The Food and Drug Administration approved lunsotogene parvec-cwha (Otarmeni, Regeneron Pharmaceuticals) April 23 to treat pediatric and adult patients with severe-to-profound sensorineural hearing loss associated with biallelic variants in the OTOF gene. 

OTOF-related hearing loss is caused by mutations that prevent production of otoferlin, a protein essential for synaptic transmission of sound signals in inner hair cells.  

Lunsotogene parvec-cwha is the first dual adeno-associated virus serotype 1 (AAV1) vector gene therapy approved by FDA and is administered as a one-time surgical dose into the cochlea. It delivers a functional copy of the OTOF gene to restore otoferlin expression and auditory signaling. It is the first disease-modifying therapy for this condition and is indicated for patients with preserved outer hair cell function and no prior cochlear implant in the treated ear. 

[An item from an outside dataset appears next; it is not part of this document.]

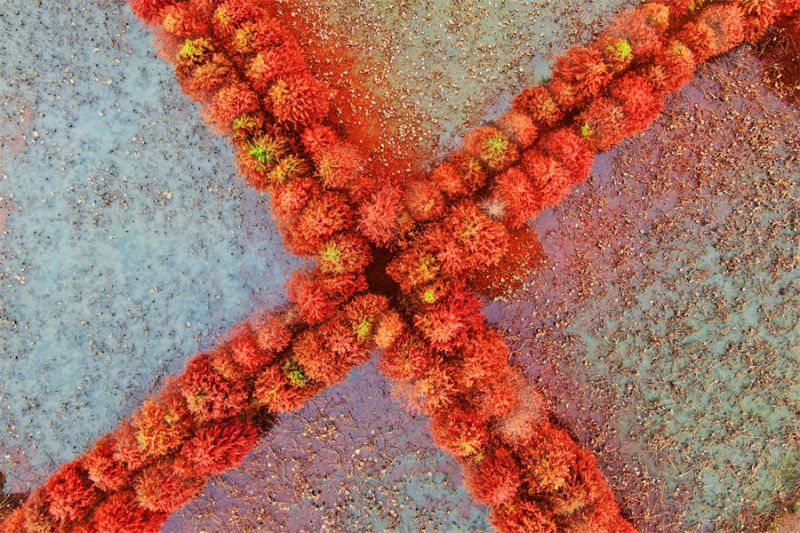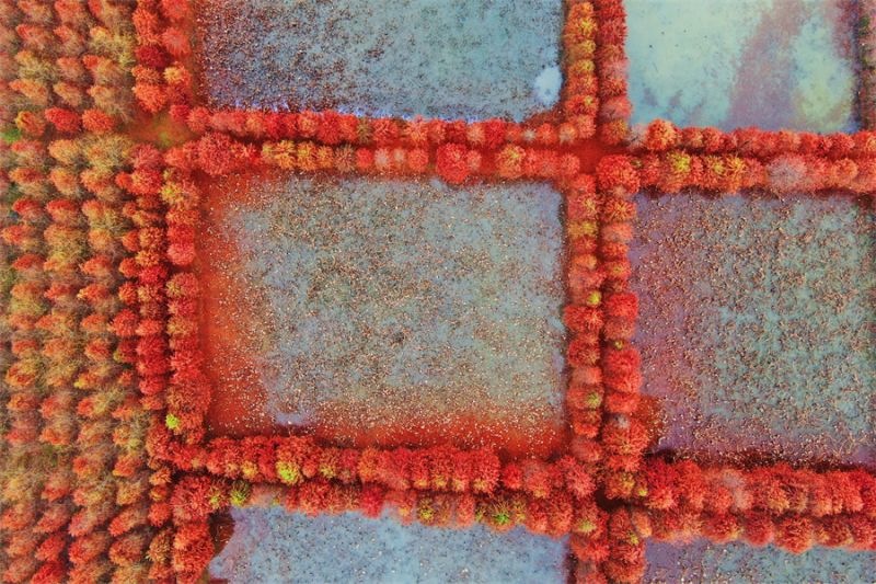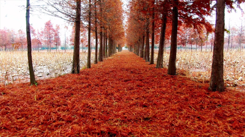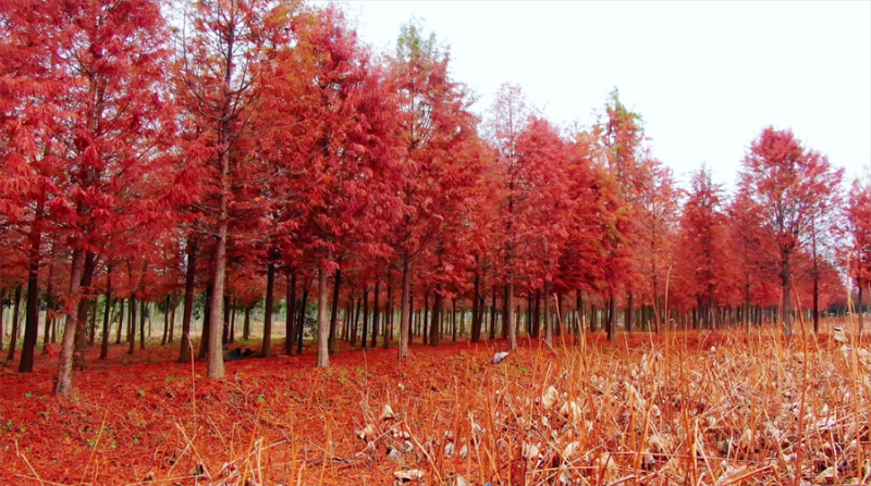 12月13日拍攝的鎮(zhèn)平縣中原荷花博覽園的水杉樹。近日,河南省南陽(yáng)市鎮(zhèn)平縣中原荷花博覽園的水杉樹悄然換上“紅裝”,色彩濃郁,成了冬日一抹別樣的風(fēng)景。(時(shí)君洋 攝)

FDA based its approval on results from an ongoing, single-arm clinical trial in pediatric patients with OTOF-associated hearing loss. Among 20 evaluable patients, 80% experienced improved hearing after treatment. 

The application was granted Orphan Drug, Fast Track, Rare Pediatric Disease and Regenerative Medicine Advanced Therapy designations. Continued approval may be contingent on confirmatory data to verify clinical benefit. 

FDA also noted that the approval was granted 61 days after biologics license application submission under the agency’s Commissioner’s National Priority Voucher Pilot Program. It is the first gene therapy approved under the program and among the fastest BLA approvals on record. The agency will host a public meeting on June 4 to solicit additional feedback about the CNPV program.